== WHAT TO DO ==
No pictures belong in the copy. Retype exactly, and only, the stretch of lines below from the one with "Готовая домашняя работа" through the one with "昨天上午,蘆山縣龍門鄉(xi".
------ INPUT FOR THIS TASK
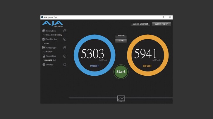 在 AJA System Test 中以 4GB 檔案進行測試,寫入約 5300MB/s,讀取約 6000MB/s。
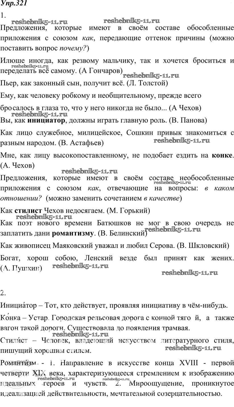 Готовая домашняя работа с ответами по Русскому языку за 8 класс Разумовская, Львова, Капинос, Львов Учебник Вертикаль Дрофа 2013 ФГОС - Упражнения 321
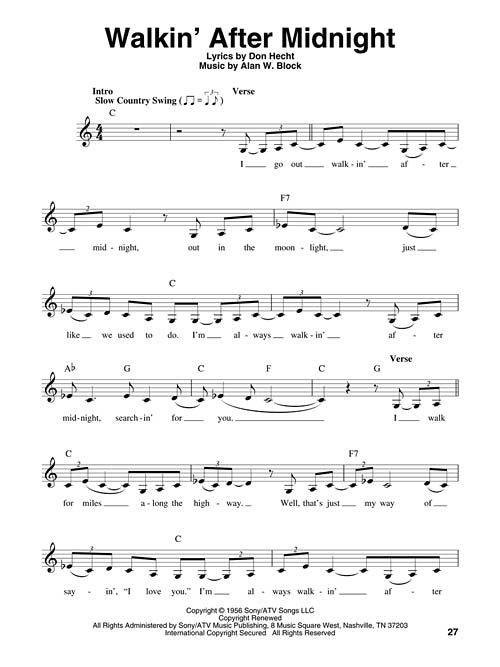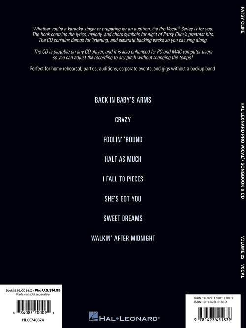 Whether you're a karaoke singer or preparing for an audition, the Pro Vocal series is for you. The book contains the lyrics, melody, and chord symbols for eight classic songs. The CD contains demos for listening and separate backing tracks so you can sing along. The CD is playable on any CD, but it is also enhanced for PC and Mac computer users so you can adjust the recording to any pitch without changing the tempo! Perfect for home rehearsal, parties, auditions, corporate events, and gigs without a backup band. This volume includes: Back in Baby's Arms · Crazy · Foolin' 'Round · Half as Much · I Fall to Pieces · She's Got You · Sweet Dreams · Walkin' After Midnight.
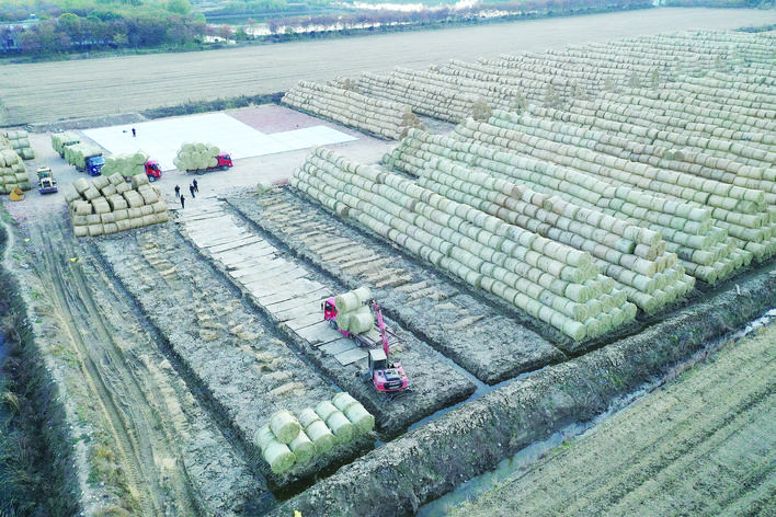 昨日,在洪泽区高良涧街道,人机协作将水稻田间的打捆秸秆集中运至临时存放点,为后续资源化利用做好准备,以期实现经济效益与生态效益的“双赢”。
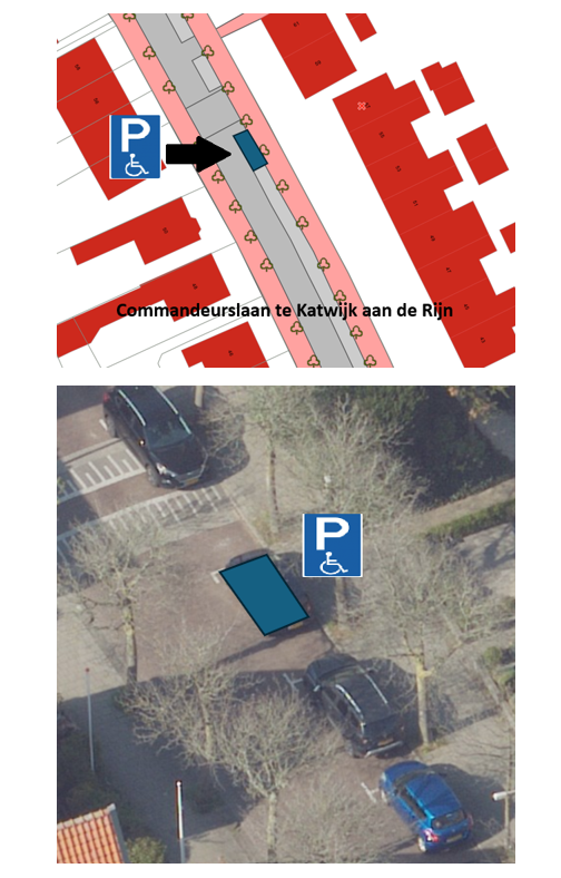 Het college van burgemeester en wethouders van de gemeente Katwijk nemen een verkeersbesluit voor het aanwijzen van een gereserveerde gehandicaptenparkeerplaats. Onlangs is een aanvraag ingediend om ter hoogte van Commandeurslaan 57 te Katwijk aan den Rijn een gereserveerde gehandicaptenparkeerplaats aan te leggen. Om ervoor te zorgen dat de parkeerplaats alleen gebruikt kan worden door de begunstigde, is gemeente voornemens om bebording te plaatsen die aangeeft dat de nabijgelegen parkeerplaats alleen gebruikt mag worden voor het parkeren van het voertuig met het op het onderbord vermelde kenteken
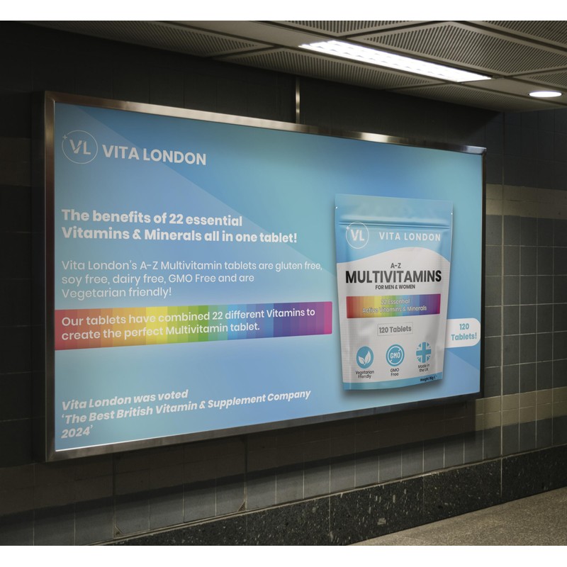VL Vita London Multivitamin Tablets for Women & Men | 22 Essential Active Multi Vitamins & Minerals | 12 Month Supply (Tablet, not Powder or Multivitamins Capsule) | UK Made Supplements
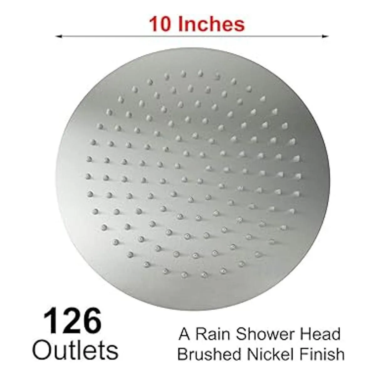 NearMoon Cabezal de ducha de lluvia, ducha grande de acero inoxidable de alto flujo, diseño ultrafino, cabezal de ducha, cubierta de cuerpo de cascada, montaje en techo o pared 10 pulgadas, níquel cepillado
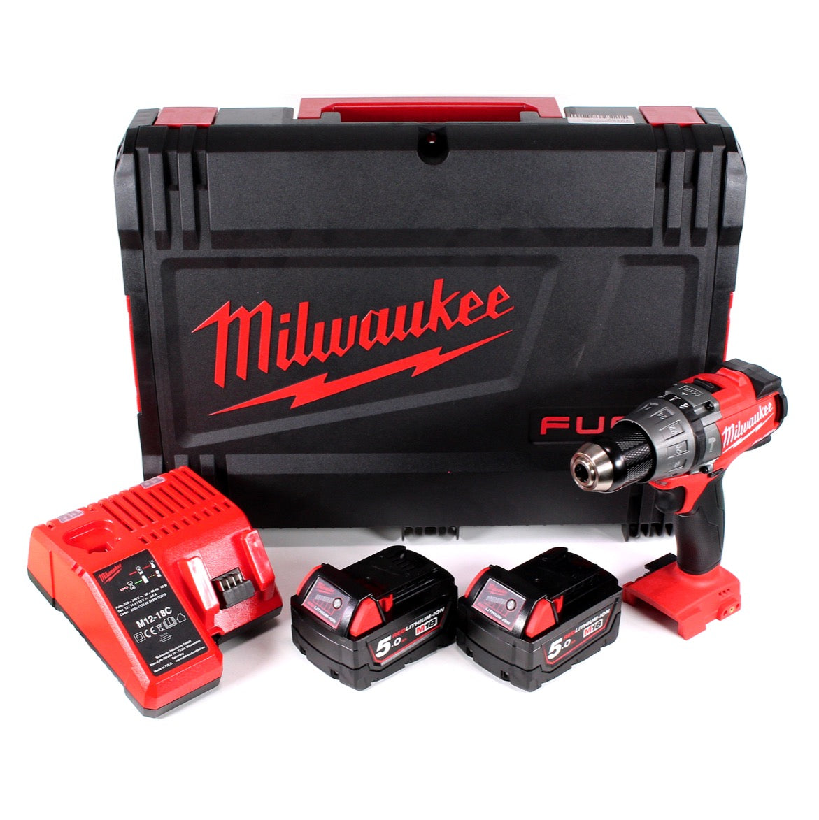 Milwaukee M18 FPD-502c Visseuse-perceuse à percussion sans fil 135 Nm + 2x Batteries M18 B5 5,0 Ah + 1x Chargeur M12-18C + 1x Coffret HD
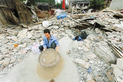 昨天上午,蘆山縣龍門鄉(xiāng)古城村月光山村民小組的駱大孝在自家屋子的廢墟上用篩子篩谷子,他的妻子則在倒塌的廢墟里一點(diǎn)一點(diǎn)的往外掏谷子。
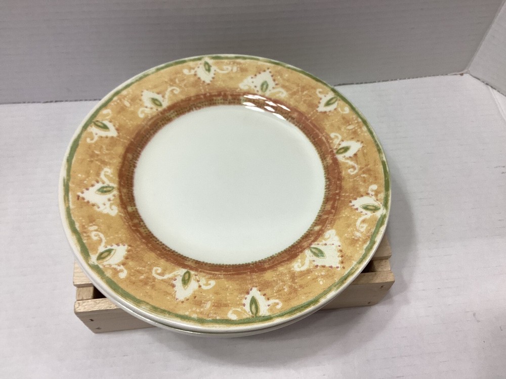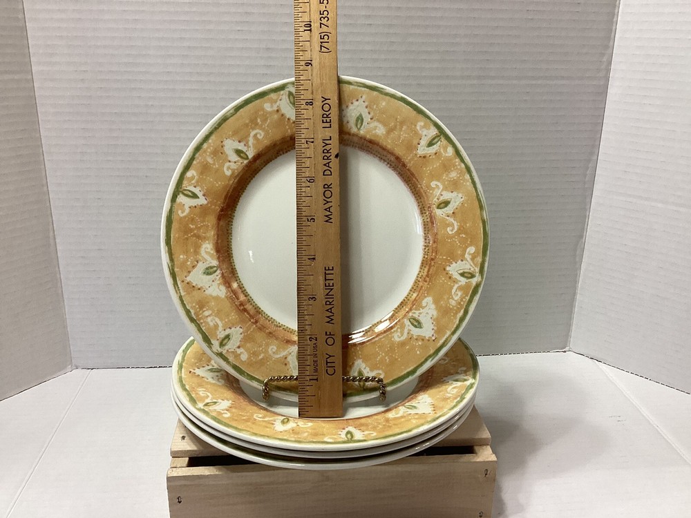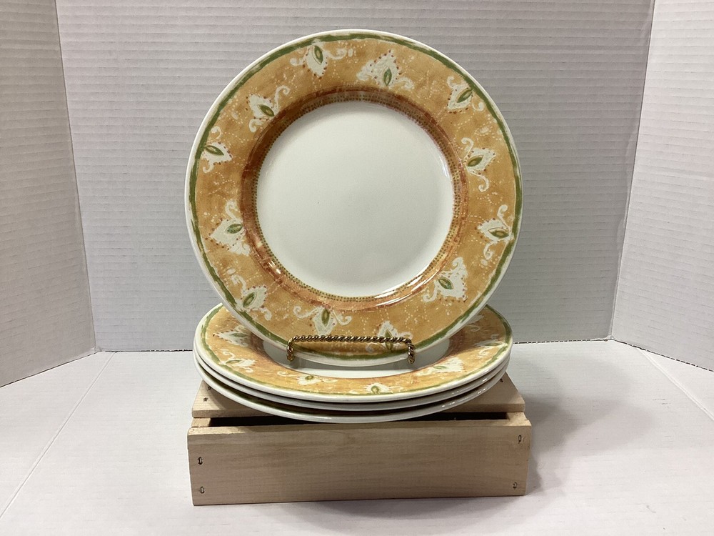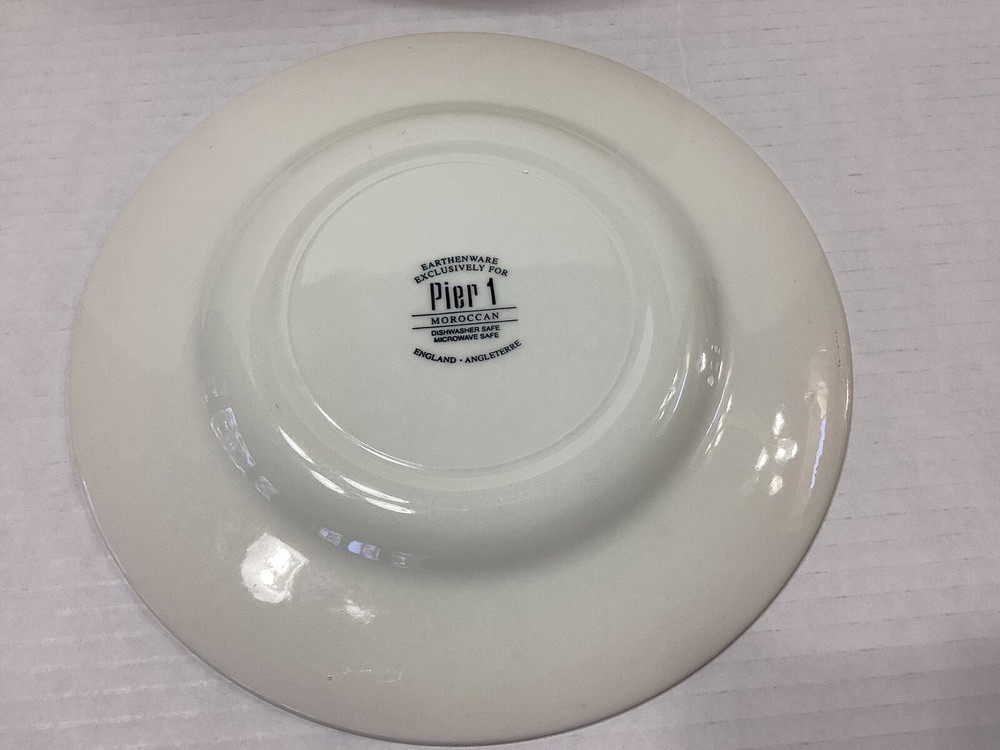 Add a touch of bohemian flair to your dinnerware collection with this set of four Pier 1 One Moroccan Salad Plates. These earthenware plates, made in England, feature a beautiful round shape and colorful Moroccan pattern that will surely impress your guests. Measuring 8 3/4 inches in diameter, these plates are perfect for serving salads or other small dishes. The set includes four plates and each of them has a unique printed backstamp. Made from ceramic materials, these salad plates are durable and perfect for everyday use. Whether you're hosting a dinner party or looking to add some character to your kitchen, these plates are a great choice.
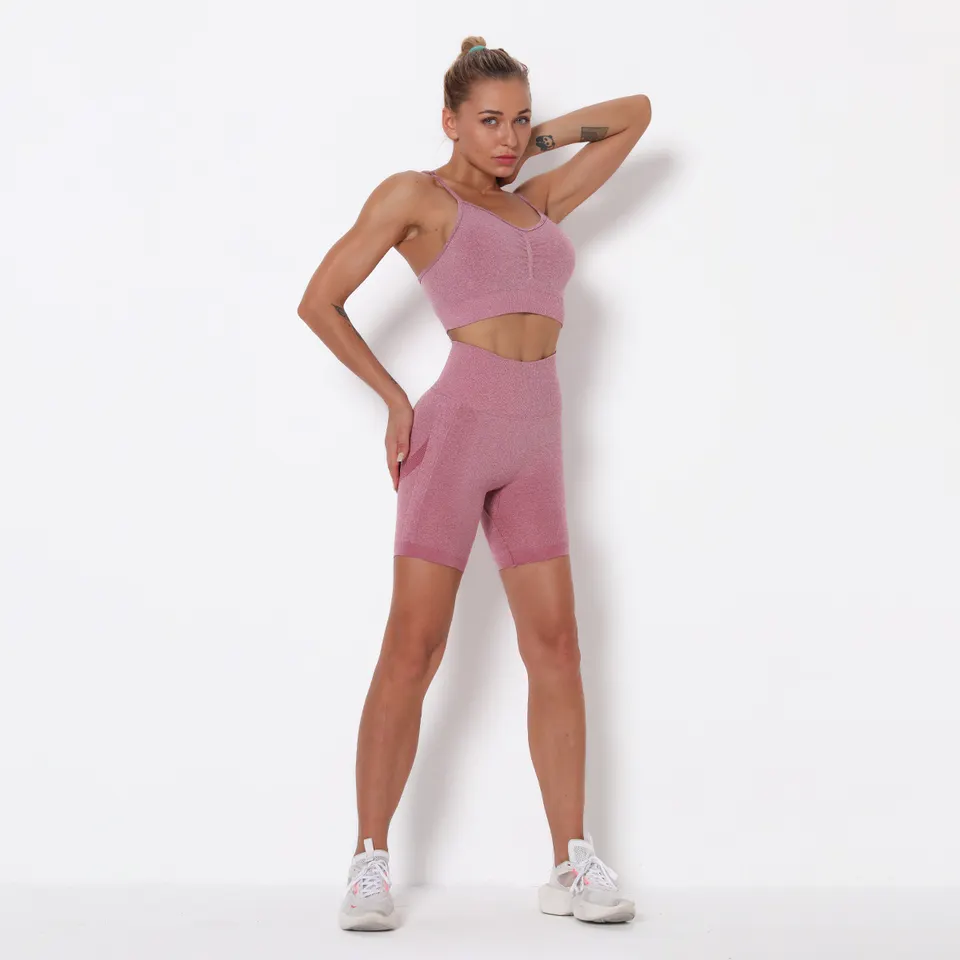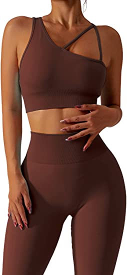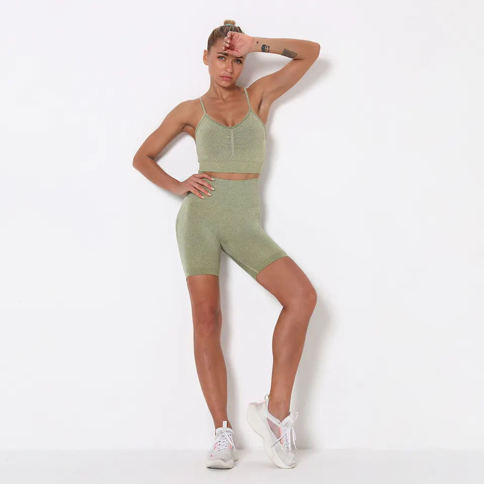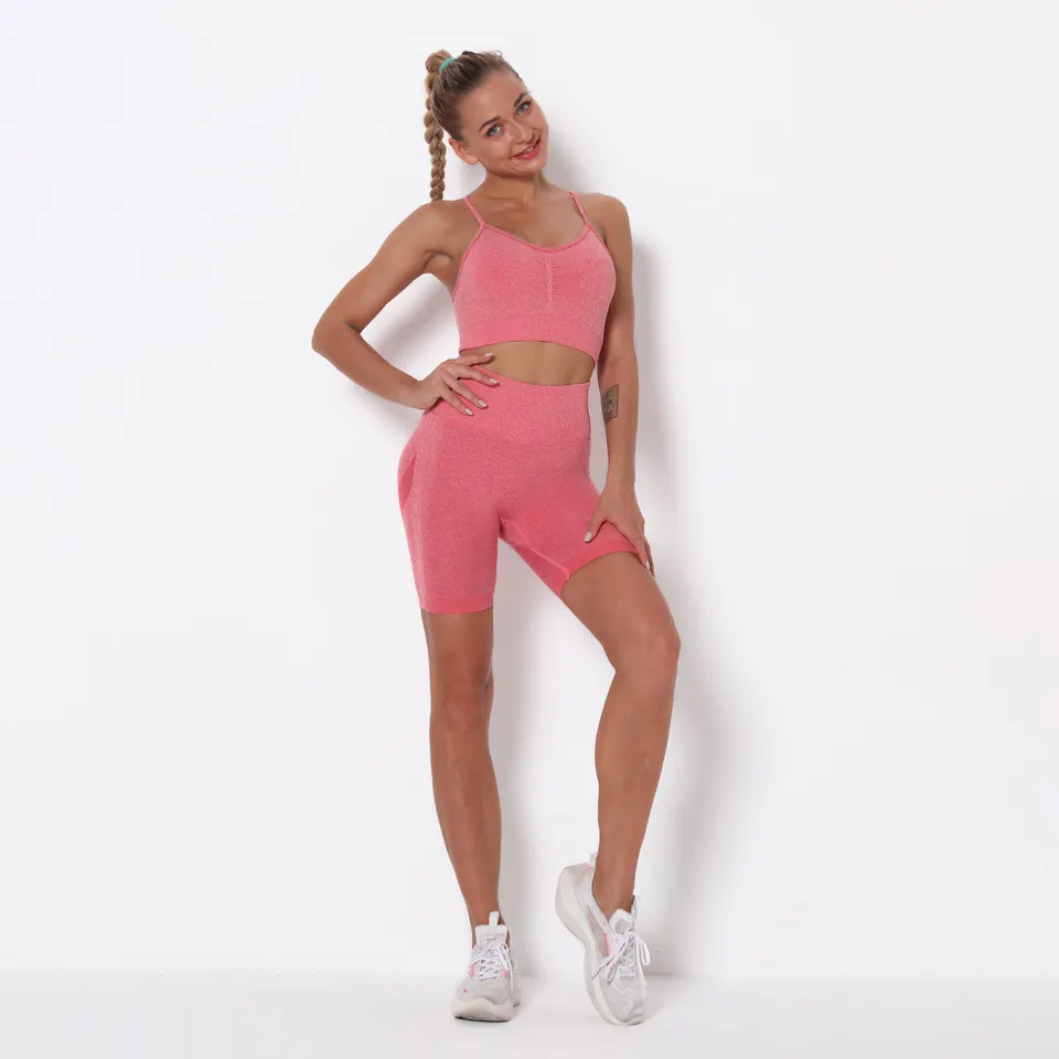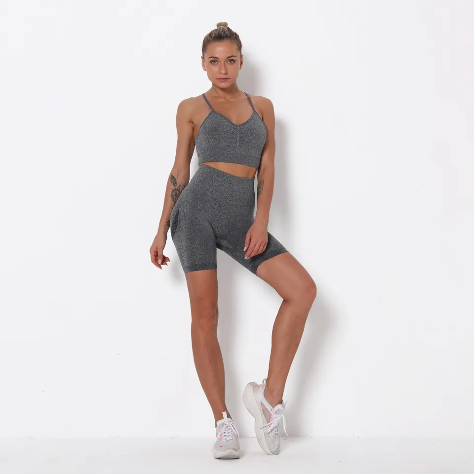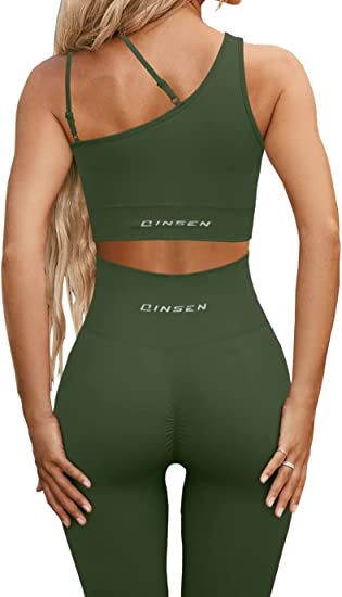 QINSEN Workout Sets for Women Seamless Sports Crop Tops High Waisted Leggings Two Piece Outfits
------------
== RESULT FOR THIS TASK ==
 Готовая домашняя работа с ответами по Русскому языку за 8 класс Разумовская, Львова, Капинос, Львов Учебник Вертикаль Дрофа 2013 ФГОС - Упражнения 321
 Whether you're a karaoke singer or preparing for an audition, the Pro Vocal series is for you. The book contains the lyrics, melody, and chord symbols for eight classic songs. The CD contains demos for listening and separate backing tracks so you can sing along. The CD is playable on any CD, but it is also enhanced for PC and Mac computer users so you can adjust the recording to any pitch without changing the tempo! Perfect for home rehearsal, parties, auditions, corporate events, and gigs without a backup band. This volume includes: Back in Baby's Arms · Crazy · Foolin' 'Round · Half as Much · I Fall to Pieces · She's Got You · Sweet Dreams · Walkin' After Midnight.
 昨日,在洪泽区高良涧街道,人机协作将水稻田间的打捆秸秆集中运至临时存放点,为后续资源化利用做好准备,以期实现经济效益与生态效益的“双赢”。
 Het college van burgemeester en wethouders van de gemeente Katwijk nemen een verkeersbesluit voor het aanwijzen van een gereserveerde gehandicaptenparkeerplaats. Onlangs is een aanvraag ingediend om ter hoogte van Commandeurslaan 57 te Katwijk aan den Rijn een gereserveerde gehandicaptenparkeerplaats aan te leggen. Om ervoor te zorgen dat de parkeerplaats alleen gebruikt kan worden door de begunstigde, is gemeente voornemens om bebording te plaatsen die aangeeft dat de nabijgelegen parkeerplaats alleen gebruikt mag worden voor het parkeren van het voertuig met het op het onderbord vermelde kenteken
VL Vita London Multivitamin Tablets for Women & Men | 22 Essential Active Multi Vitamins & Minerals | 12 Month Supply (Tablet, not Powder or Multivitamins Capsule) | UK Made Supplements
 NearMoon Cabezal de ducha de lluvia, ducha grande de acero inoxidable de alto flujo, diseño ultrafino, cabezal de ducha, cubierta de cuerpo de cascada, montaje en techo o pared 10 pulgadas, níquel cepillado
 Milwaukee M18 FPD-502c Visseuse-perceuse à percussion sans fil 135 Nm + 2x Batteries M18 B5 5,0 Ah + 1x Chargeur M12-18C + 1x Coffret HD
 昨天上午,蘆山縣龍門鄉(xiāng)古城村月光山村民小組的駱大孝在自家屋子的廢墟上用篩子篩谷子,他的妻子則在倒塌的廢墟里一點(diǎn)一點(diǎn)的往外掏谷子。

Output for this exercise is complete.